# Bitcoin ARIMA analysis
Abstract: this analysis is an attempt to use ARIMA in analyzing bitcoin prices from the Bitstamp exchange. The objective is to create a model that is able to forecast future prices, identify trends, seasonality, and other remarkable properties. Theoretically, analysis like this could be used in trading. Bitstamp's data was made stationary by using log-diff followed by rolling average diff techniques; achieving a p-value of 7.659524e-26 on the Dickey-Fuller test. Through ACF and PACF an ARIMA model was built with (p,d,q) of (2,1,2) with an RSS of 0.235. Overall, the model was not a good predictor of Bitcoin's price.

In [None]:
%matplotlib inline
import numpy as np
import pandas as pd
import matplotlib.pyplot as plt
import matplotlib as mpl
import seaborn as sns
import datetime
from datetime import date
import random

import statsmodels.api as sm
from statsmodels.tsa.stattools import adfuller
from statsmodels.tsa.seasonal import seasonal_decompose
from statsmodels.tsa.stattools import acf, pacf
from statsmodels.tsa.arima_model import ARIMA
from statsmodels.tsa.stattools import acf, pacf
from statsmodels.graphics.tsaplots import plot_acf
from statsmodels.graphics.tsaplots import plot_pacf

import gc

import warnings
warnings.filterwarnings('ignore')

# Load the data

In [None]:
def load_data(filename):
    df = pd.read_csv('../input/{0}'.format(filename))
    df['Seconds'] = df.Timestamp.values.astype(int) # rename field
    df.Timestamp = pd.to_datetime(df.Timestamp, unit='s') # true timestamp
    df = df[df.Open.notnull()] # remove fields w/o data to lower memory requirements

    df = df.reset_index().drop('index', axis=1).reset_index()
    df['counter'] = df.index
    df = df.drop('index', axis=1)
    df = df.set_index('Seconds')
    df_original = df.copy()
    
    # downsample to days
    df = df.reset_index().set_index('Timestamp').resample('D').mean()
    df = pd.DataFrame(df)
    return (df,df_original)

Summary: data from Bitstamp is the most complete, but there are three missing rows. BTC-e has the most volume and price stability during the identified periods. Therefore, use Bitstamp as our base and backfill it with BTC-e.

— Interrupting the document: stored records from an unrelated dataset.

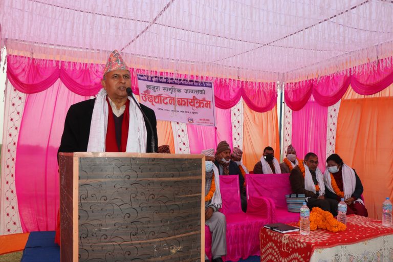 बाँकेको खजुरा गाउँपालिकाले तराई-मधेस समृद्धि कार्यक्रमअन्तर्गत करीब एक करोड रुपियाँको लागतमा घरवास र जग्गाविहीन विपन्न परिवारका लागि निर्माण गरेको सामूहिक आवास शुक्रबार उद्घाटन गर्दै उहाँले सो दाबी गर्नुभएको हो ।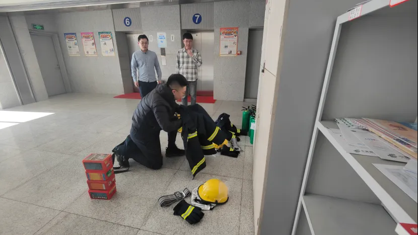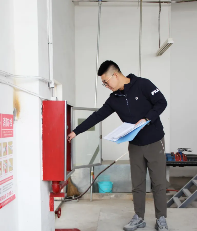 检查设备间消防设施 对于消防安全工作,韩亮能够熟练掌握院区内消防基础设备设施的型号、数量、布设位置等信息,讲起来如数家珍。每个月,他都会联合综合楼消防维保单位一起对综合楼消防设备设施进行检查,每年9月对局机关和中心即将到期的灭火器集中送检充填,确保综合楼内消防设备设施时时处于正常的工作状态。他积极组织北海机关事务中心相关人员参加消防设施操作员考试,主动牵头准备学习资料、联系培训机构、组织线上报名,并带队赴济南参加考试。最终中心4名职工通过考试,消防安全队伍专业技能水平得到了进一步提升。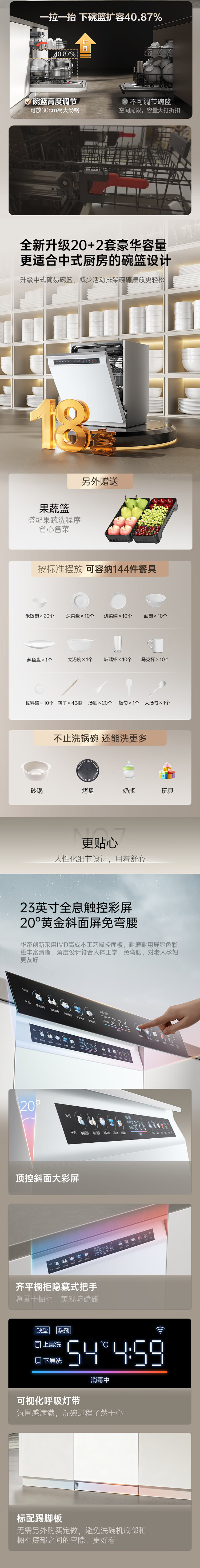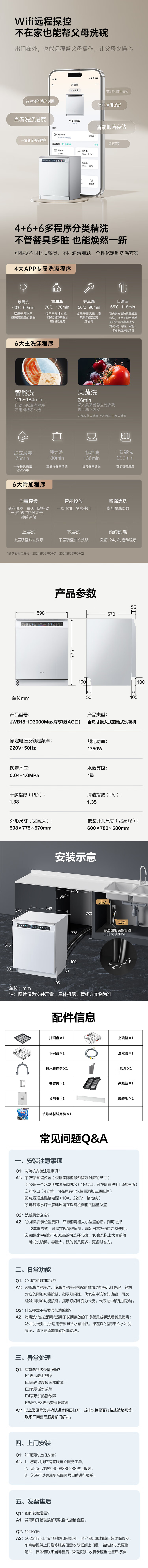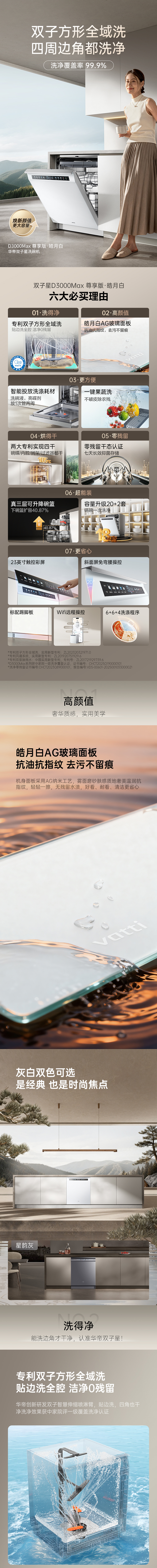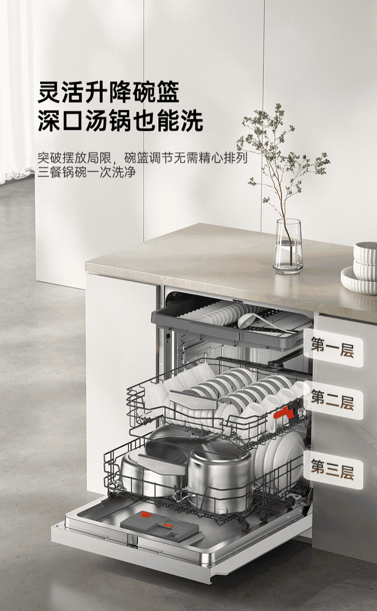 VATTI Small UFO Max 20+2 sets of dishwashers embedded in household frequency conversion intelligent fruit and vegetable washing seven-star disinfection JWB18-iD3000Max exclusive version (AG white)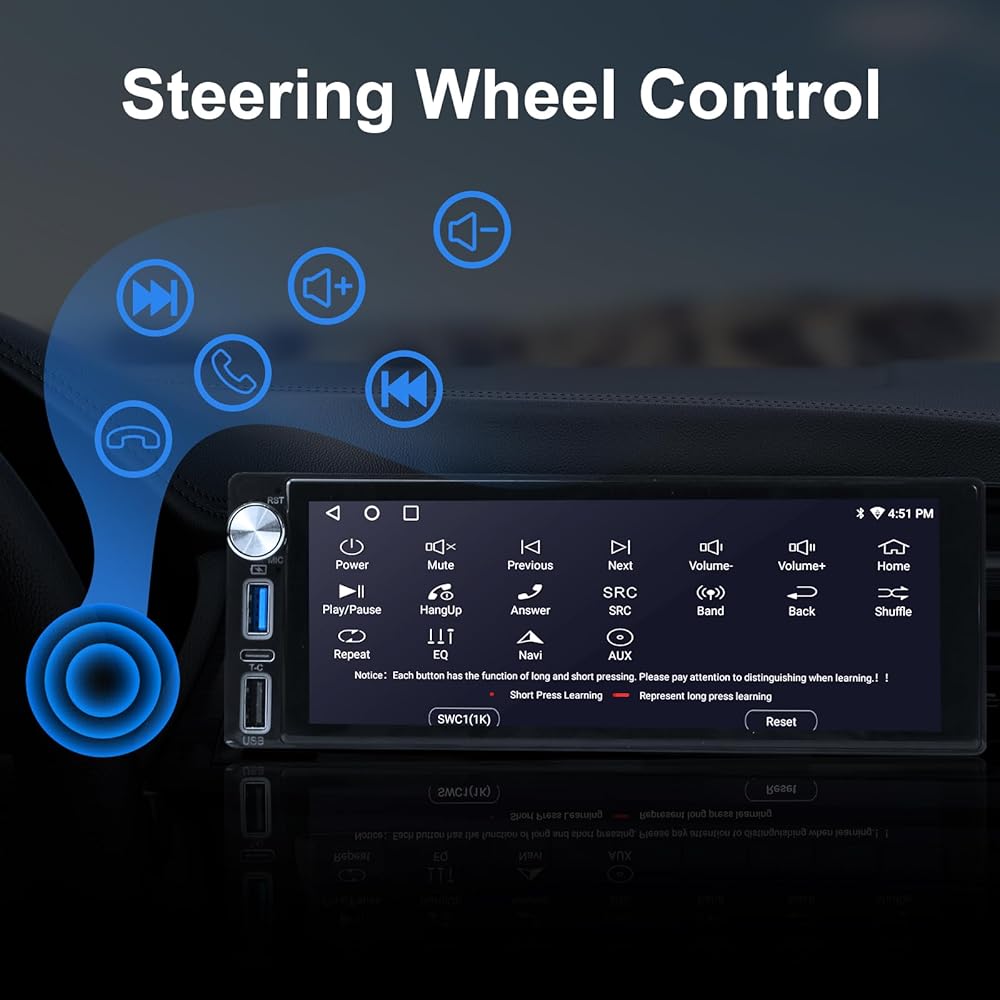 【Single Din Android Auto and Upgrade BlueTooth 5.1】Our single din CarPlay stereo is equipped with State of Art Voice Control and picks up your voice more clearly. Enhanced Listening Experience, lets you play and control music apps and make calls hands-free. Easily change up your music with your existing Steering Wheel Controls or the Touchscreen.

Data given from the exchanges is on a per multiple second resolution. The candlestick graph of their data shows high volitility and swings within short periods of time. Projects goal is for create a timeseries on a per day basis, hence it is necessary to transforming the data using a smoothing technique to both improve the models predictability and lower the data size.

In [None]:
!ls ../input

In [None]:
# df1,df1_original = load_data('../input/btceUSD_1-min_data_2012-01-01_to_2017-05-31.csv')
df2,_ = load_data('coinbaseUSD_1-min_data_2014-12-01_to_2018-01-08.csv')
# df3,_ = load_data('../input/krakenUSD_1-min_data_2014-01-07_to_2017-05-31.csv')
df4,_ = load_data('bitstampUSD_1-min_data_2012-01-01_to_2018-01-08.csv')
# print('entries missing in df1', sum(df1.Weighted_Price.isnull()))
print('entries missing in df2', sum(df2.Weighted_Price.isnull()))
# print('entries missing in df3', sum(df3.Weighted_Price.isnull()))
print('entries missing in df4', sum(df4.Weighted_Price.isnull()))


In [None]:
len(df4), len(df2)

In [None]:
df4.head()

In [None]:
df2.head()

In [None]:
_ = df4.reset_index().Timestamp.map(lambda y: y.to_datetime().date())
_ = np.asarray(_, dtype=date)
df4['Date'] = _
df4.head()

df4 is the best datasource for having all dates. Confirm whether which of the other df's are the base to use to fill in the missing days. From the data below we can see that df1 is the best choise due to it's volume. Finally, confirm that there are no missing entries in df4

In [None]:
missing_entries_timestamp = df4[df4.Weighted_Price.isnull()].index
missing_entries_timestamp

> # EDA
summary: The exchanges data range is from 2011-12-31 to 2017-10-20. Although the beginning of bitcoin appears overall calm at first, we see after zooming in that is not the case; the first 500 days are just as volitile. A plot of these dates shows around 2016 the price goes expoentially upwards. The early days of Bitcoin are more suitable for time series analysis, we will analyze the first 380 days.

Time Series analysis typically requires data to be stationary. Just by looking at the graph we notice that it is not stationary. Per the Dickey-Fuller test we cannot reject the null hypothesis with the given p-value of 0.925053.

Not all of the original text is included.